URFORTH.me

   1 this is direct-threaded self-hosting x86 32-bit GNU/Linux Forth system.
   2
   3 UrForth level 1 doesn't need anything except UrForth itself to build the
   4 system from the sources. there is a prebuilt binary in this repository
   5 which can be used to bootstrap the system (with 'c.sh' shell script).
   6
   7 some notes about standards-compliance: i don't fuckin' care. pre-ANS
   8 standards are too restrictive, and ANS standard is fubared with idiotic
   9 "portability", and inability to get rid of obsolete concepts. this goes
  10 up to 2012 (and then); just look at `FIND`! and fuck it, i don't expect
  11 anybody (except me, of course) to use UrForth anyway.
  12
  13 also, about ANS "portability" crap: i strongly believe that default
  14 architecture should be 32-bit 2-complement one, without any forced data
  15 align rules. for non-conformant systems, an implementation should emulate
  16 the abovementioned arch. this represents most architectures out there,
  17 and if your arch is different, your Forth system should take care of that,
  18 running standards-compliant code without any changes. and library authors
  19 can avoid error-prone jumping through the hoops.
  20
  21 if you think that speed is more important than compatibility, there is
  22 always an option to ignore any standards.
  23
  24 also, i'm not planning to create 64-bit versions of UrForth. "64-bitness"
  25 is another thing i consider useless. and PIC code will not be supported.
  26
  27
  28 more ANS idiocity: 2! and 2@ are storing 64-bit numbers as
  29 big-dword-endian. i introduced "2!LE" and "2@LE", and left "standard"
  30 words intact.
  31
  32 also, "cell" was another idiotic word choice. does "c@" operate on cells,
  33 or on chars? i wonder if anybody there had even one working *brain* *cell*.
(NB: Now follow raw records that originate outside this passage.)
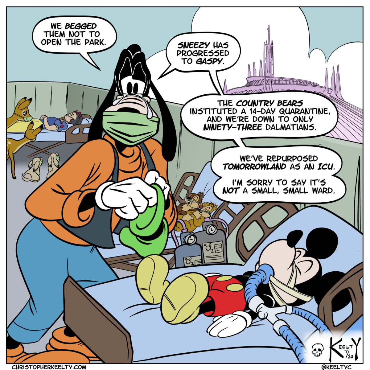 Yes, Walt Disney World in Orlando opened to the public again this past weekend–the same weekend the state of Florida announced a record 15,300 new cases of Covid-19 in a single day. Who is going to Disney World in the midst of a raging pandemic? You can call it stupid, you might even call it sociopathic, but I guess even when there’s a killer pandemic, you just gotta get your Dole Whip on.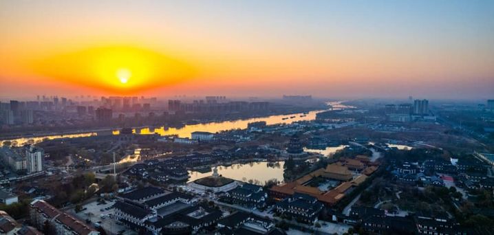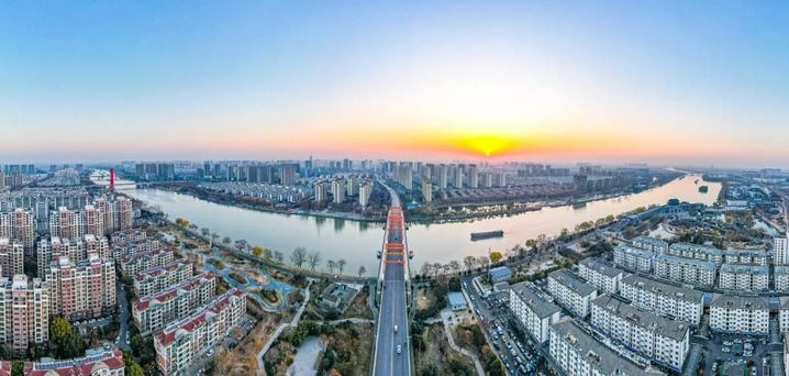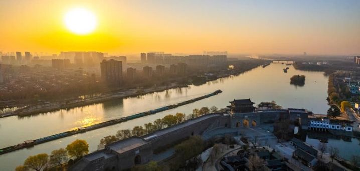 2025年1月1日,阳光照射下的运河东关口至一号桥沿线景美如画,城市也迎来了属于它的新年。(蔡亮 摄)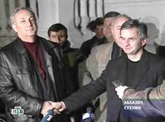 Сергей Багапш и Рауль Хаджимба. Кадр НТВ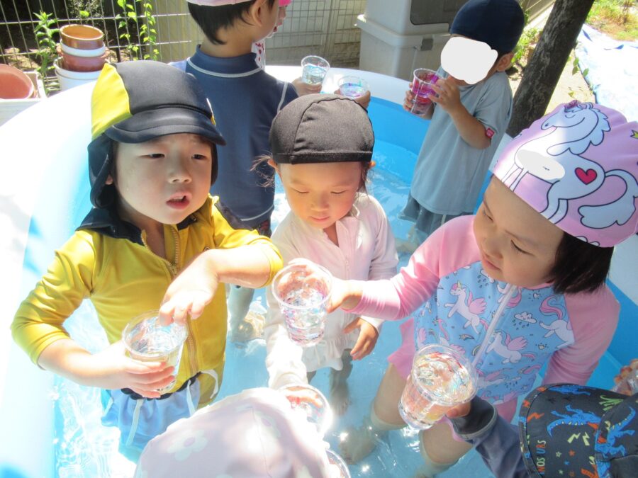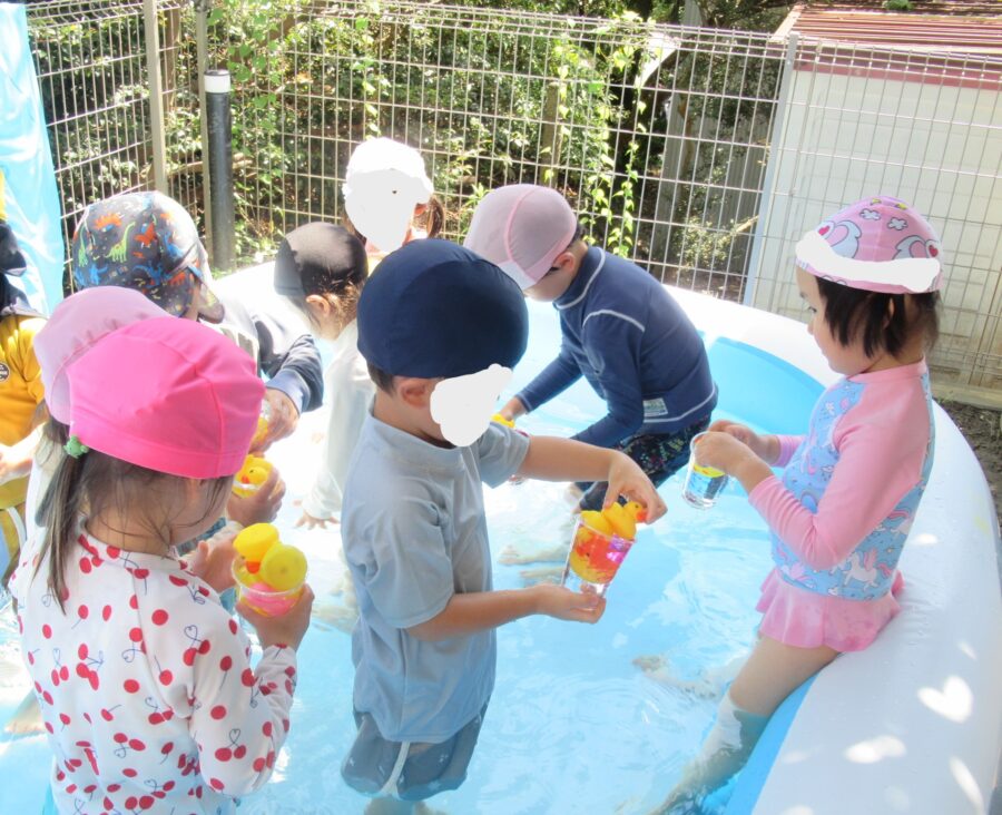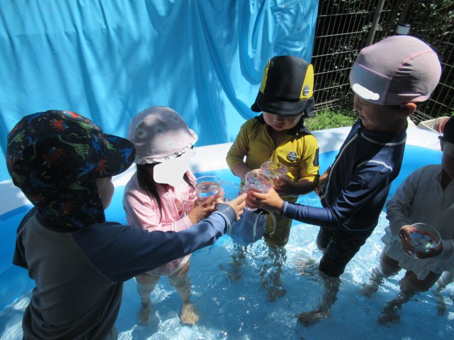 「たのしいプールに かんぱ~い😊」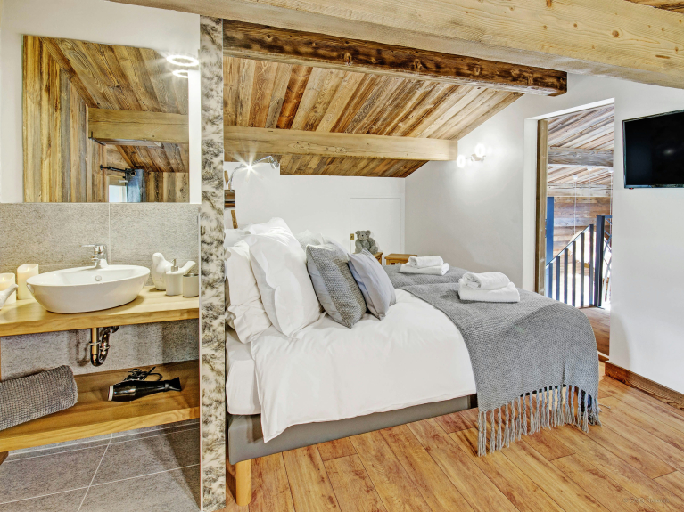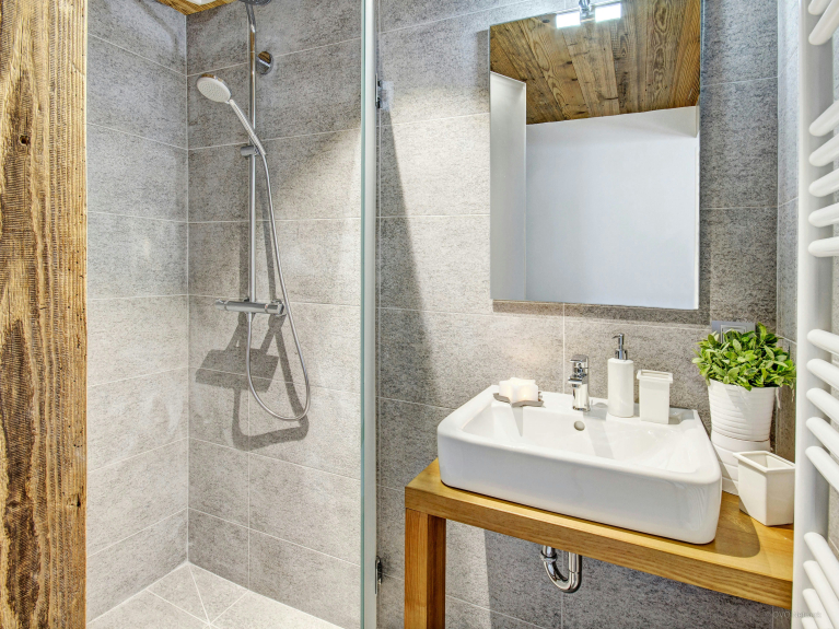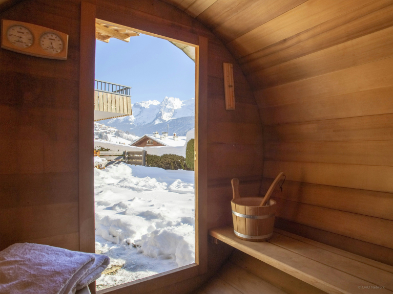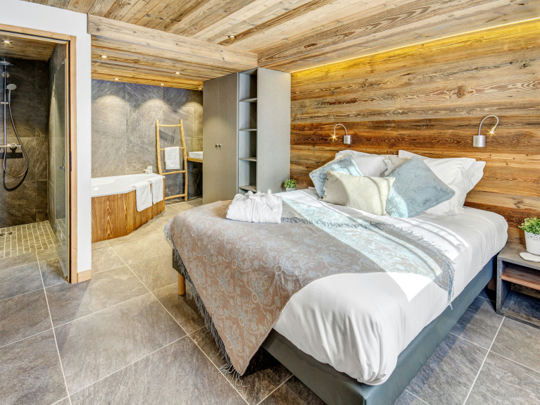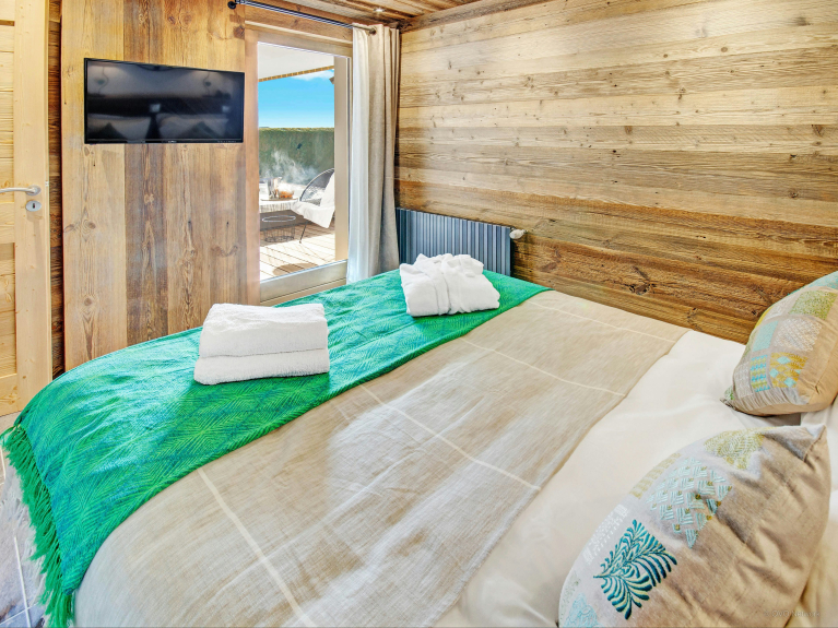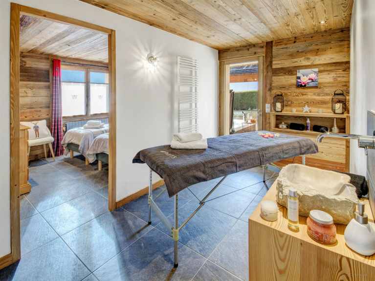 It sleeps 14 people (12 adults maximum) in 6 bedrooms: the first three are on the first level, where the ski room, garage and laundry room are also located, as well as a massage table and dressing room. You will have access to a beautiful sunny terrace with jacuzzi, to relax while watching the sun disappear behind the peaks...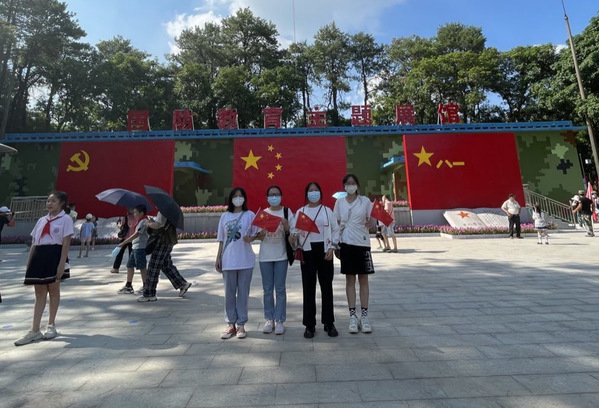 八一建军节期间,往来游园的游客络绎不绝。实践小队通过发放传单和讲解的形式对前来游园的人民群众讲解朱锡昂先辈的红色革命故事,发扬红色革命精神:

  34 (got it? got a joke? it's a great joke!)
  35
  36
  37 i added benchmark from BigForth. so far, UrForth is ~2.2 (2.1 with
  38 debugger) times slower than BigForth on it. of course, benchmarks only
  39 shows how good the system can pass a benchmark, but stil... it's not that
  40 bad, considering that BigForth is subroutine-threaded (i.e. generates
  41 native code), and somewhat optimised. also, it is only ~1.12 times slower
  42 that unoptimised SPF4.
  43
  44
  45 some advanced UrForth features, in no particular order:
  46
  47 * vocabularies has hastables for word names (256 bytes per vocabulary).
  48   this makes searches ~50-100 times faster:
  49     FORTH -- 799 words, 64 of 64 buckets used, 4 min items, 21 max items, average: 12 words per bucket
  50   considering that each word first checked for valid hash and length,
  51   the searcher usually does only one full string comparison.
  52   in other words: vocabulary searches are lightning fast.
  53   (ok, its not that advanced, because most Forth systems out there does
  54   that, but hey, it's my book, written by my rules!)
  55
  56 * number prefixes:
  57     $,#,0x,&h -- hex number (note that 2012 standard wants "#" for decimal)
  58     %,0b,&b -- binary number
  59     0o,&o -- octal number
  60     0d,&d -- decimal number
  61
  62 * number postfixes:
  63     nnnH -- hex
  64     nnnO -- octal
  65     nnnB -- binary (only for BASE<12)
  66
  67 * underscores in numbers are ignored:
  68     0x8000_00_00 is a valid number
  69
  70 * extended word search:
  71     you can use "a:b" to find word "b" in vocabulary "a".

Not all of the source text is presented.